» Try it
Please, without any pictures, set down exactly the part of the listing below that opens with the line containing "Jag kom på att" and closes with the line containing "2024年拉丁美洲录制音乐收入增长率:22.5%。".

» Records for processing
|---|

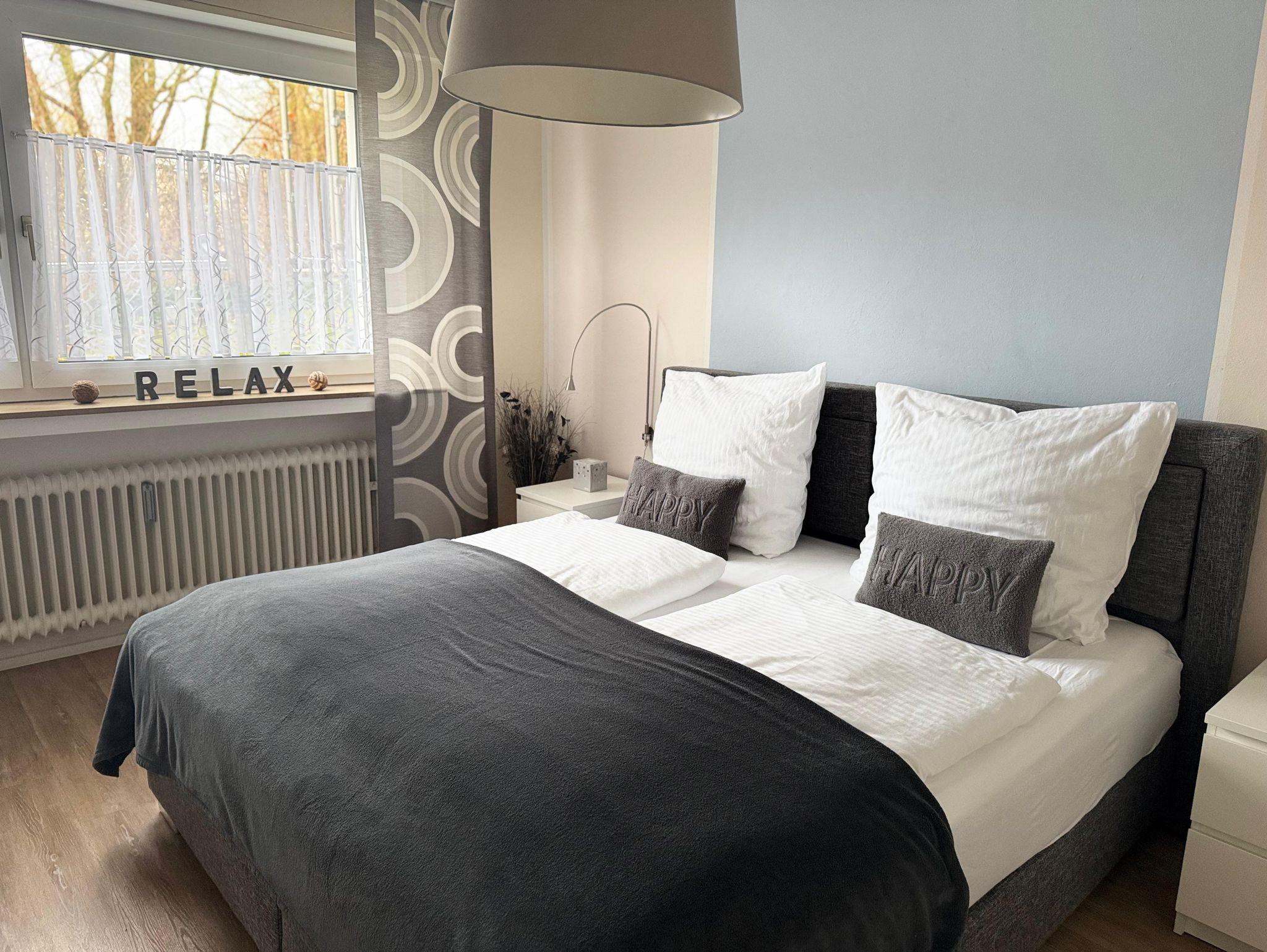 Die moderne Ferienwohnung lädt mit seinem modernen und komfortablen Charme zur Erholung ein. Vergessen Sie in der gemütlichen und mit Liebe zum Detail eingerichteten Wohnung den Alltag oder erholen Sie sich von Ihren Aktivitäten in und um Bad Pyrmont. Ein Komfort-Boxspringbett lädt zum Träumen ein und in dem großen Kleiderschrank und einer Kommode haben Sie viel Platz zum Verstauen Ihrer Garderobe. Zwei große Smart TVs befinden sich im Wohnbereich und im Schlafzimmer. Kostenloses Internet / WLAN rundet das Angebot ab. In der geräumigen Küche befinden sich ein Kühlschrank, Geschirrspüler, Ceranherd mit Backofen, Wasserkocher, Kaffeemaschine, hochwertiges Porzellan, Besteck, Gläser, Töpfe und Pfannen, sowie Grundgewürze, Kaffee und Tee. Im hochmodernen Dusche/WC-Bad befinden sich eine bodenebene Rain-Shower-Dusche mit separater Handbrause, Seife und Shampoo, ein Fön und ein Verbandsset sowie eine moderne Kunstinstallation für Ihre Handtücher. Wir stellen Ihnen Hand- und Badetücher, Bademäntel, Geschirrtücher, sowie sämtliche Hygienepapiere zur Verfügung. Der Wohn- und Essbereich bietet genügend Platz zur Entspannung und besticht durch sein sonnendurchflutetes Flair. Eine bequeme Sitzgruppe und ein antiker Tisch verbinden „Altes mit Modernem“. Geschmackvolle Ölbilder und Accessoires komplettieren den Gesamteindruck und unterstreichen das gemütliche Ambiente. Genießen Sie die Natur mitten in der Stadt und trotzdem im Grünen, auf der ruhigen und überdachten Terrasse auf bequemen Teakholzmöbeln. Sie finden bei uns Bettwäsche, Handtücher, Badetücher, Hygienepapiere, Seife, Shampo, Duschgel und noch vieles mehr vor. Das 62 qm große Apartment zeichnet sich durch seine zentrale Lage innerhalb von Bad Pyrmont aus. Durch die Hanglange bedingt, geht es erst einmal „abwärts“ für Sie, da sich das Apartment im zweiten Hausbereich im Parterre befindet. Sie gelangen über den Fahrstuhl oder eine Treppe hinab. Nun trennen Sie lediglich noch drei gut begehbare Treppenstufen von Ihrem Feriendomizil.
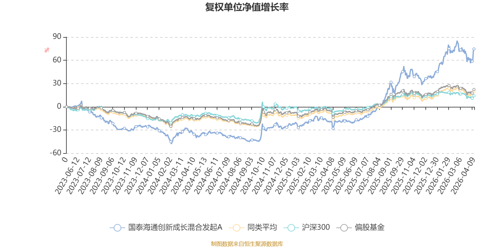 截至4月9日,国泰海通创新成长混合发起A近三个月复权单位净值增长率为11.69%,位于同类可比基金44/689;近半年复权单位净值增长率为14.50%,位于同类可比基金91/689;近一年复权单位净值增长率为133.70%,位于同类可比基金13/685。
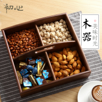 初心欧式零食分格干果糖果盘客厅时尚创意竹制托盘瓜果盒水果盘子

|---|

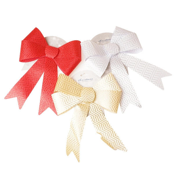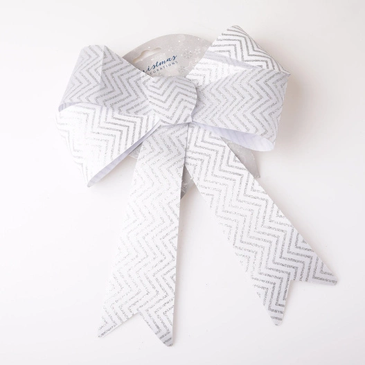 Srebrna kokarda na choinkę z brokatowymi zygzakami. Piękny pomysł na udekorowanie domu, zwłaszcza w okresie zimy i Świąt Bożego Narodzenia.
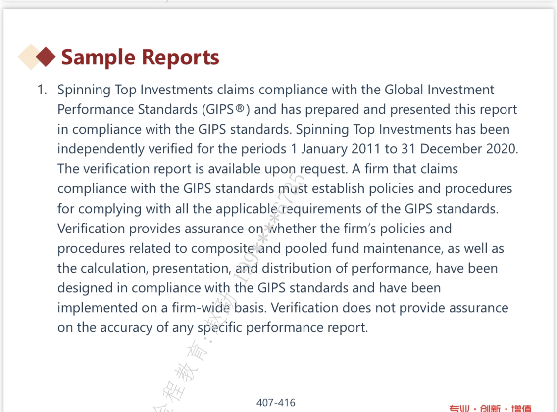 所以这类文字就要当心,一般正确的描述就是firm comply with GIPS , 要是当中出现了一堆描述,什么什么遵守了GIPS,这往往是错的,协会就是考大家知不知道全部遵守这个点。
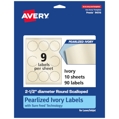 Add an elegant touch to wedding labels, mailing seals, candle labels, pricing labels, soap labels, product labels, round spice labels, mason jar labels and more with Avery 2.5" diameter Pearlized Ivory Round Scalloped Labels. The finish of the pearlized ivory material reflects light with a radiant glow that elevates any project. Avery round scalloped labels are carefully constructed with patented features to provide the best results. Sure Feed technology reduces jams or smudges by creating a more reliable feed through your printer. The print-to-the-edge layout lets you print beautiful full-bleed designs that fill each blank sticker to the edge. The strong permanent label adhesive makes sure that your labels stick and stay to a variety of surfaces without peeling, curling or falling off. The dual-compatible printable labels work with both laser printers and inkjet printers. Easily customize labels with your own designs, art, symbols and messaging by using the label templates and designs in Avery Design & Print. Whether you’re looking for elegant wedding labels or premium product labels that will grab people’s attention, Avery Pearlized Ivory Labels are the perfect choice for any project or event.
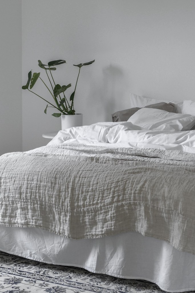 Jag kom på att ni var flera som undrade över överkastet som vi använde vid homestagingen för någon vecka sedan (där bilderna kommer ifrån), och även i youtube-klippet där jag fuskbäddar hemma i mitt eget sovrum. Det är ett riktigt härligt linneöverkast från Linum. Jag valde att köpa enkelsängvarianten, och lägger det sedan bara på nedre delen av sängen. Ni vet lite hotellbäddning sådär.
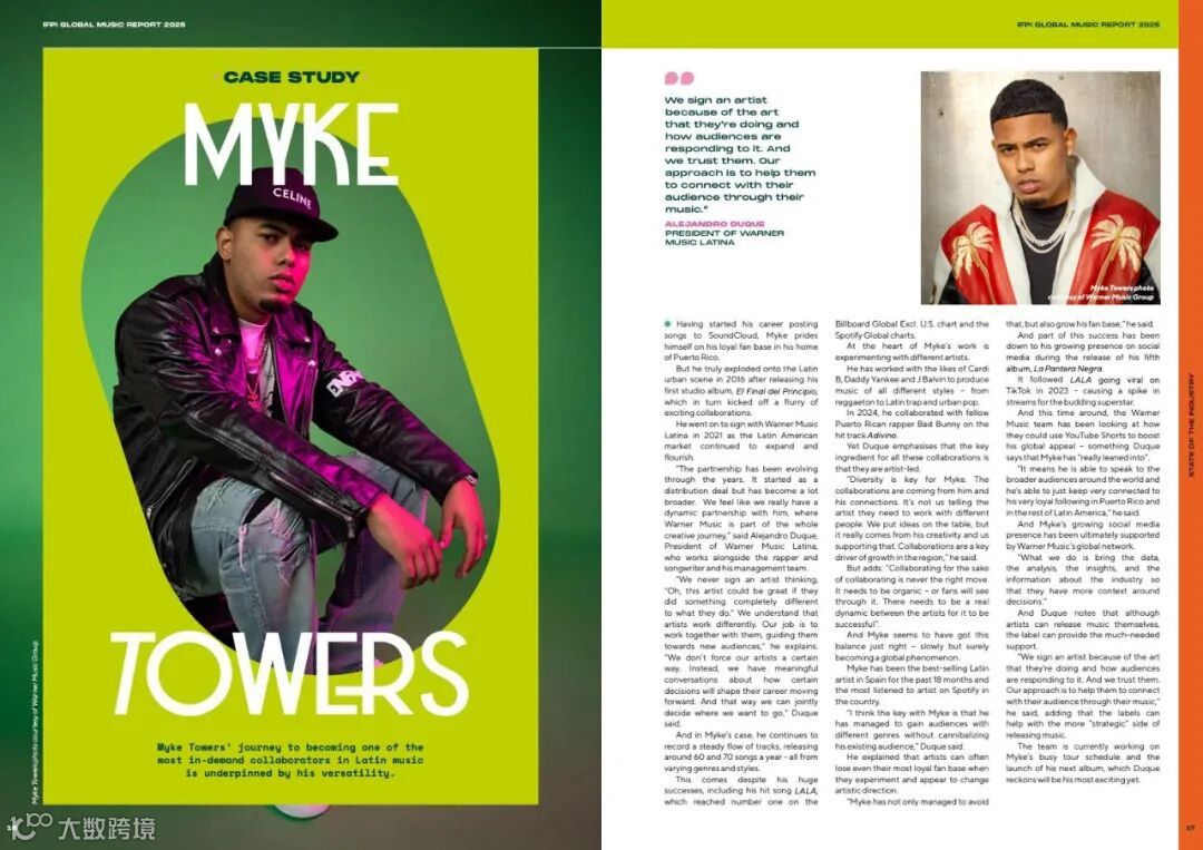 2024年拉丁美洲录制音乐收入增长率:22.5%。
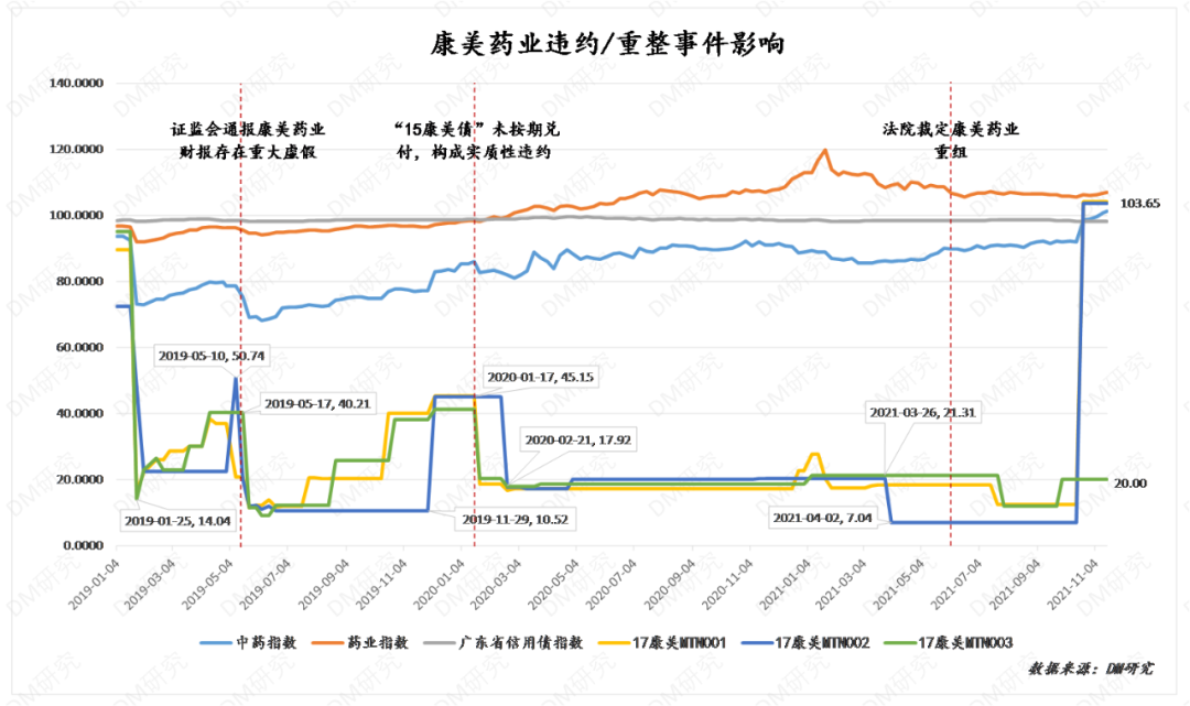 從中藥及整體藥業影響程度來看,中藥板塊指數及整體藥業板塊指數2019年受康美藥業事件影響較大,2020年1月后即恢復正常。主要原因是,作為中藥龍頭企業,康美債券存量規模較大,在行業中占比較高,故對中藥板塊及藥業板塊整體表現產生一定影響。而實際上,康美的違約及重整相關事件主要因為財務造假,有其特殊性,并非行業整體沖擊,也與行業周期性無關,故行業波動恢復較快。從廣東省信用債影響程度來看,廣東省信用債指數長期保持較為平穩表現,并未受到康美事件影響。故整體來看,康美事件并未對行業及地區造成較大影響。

|---|

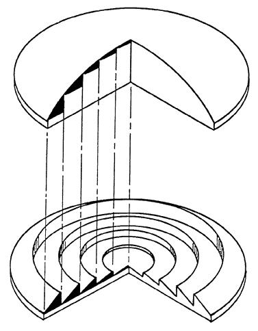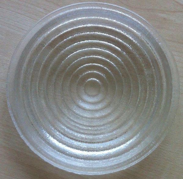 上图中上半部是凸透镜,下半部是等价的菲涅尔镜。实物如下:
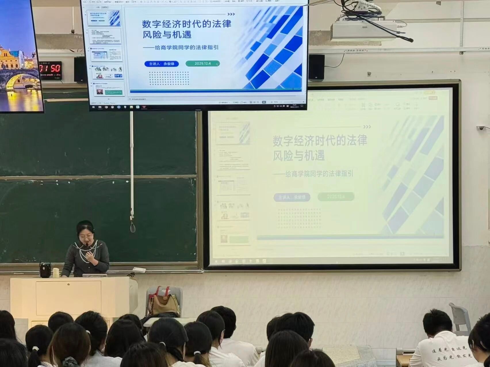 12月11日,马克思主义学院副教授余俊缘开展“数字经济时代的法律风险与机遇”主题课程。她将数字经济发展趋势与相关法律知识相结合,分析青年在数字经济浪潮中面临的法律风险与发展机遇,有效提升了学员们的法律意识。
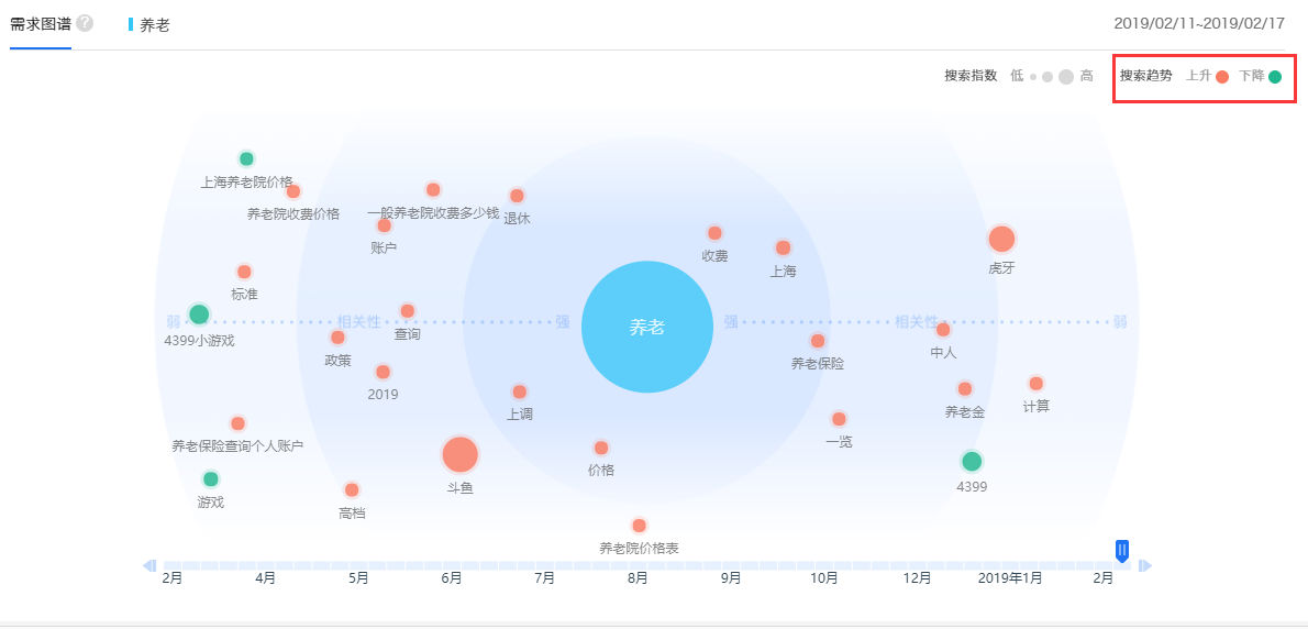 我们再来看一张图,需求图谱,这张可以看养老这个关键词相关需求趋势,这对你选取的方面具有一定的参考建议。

|---|

» Reply
 Jag kom på att ni var flera som undrade över överkastet som vi använde vid homestagingen för någon vecka sedan (där bilderna kommer ifrån), och även i youtube-klippet där jag fuskbäddar hemma i mitt eget sovrum. Det är ett riktigt härligt linneöverkast från Linum. Jag valde att köpa enkelsängvarianten, och lägger det sedan bara på nedre delen av sängen. Ni vet lite hotellbäddning sådär.
 2024年拉丁美洲录制音乐收入增长率:22.5%。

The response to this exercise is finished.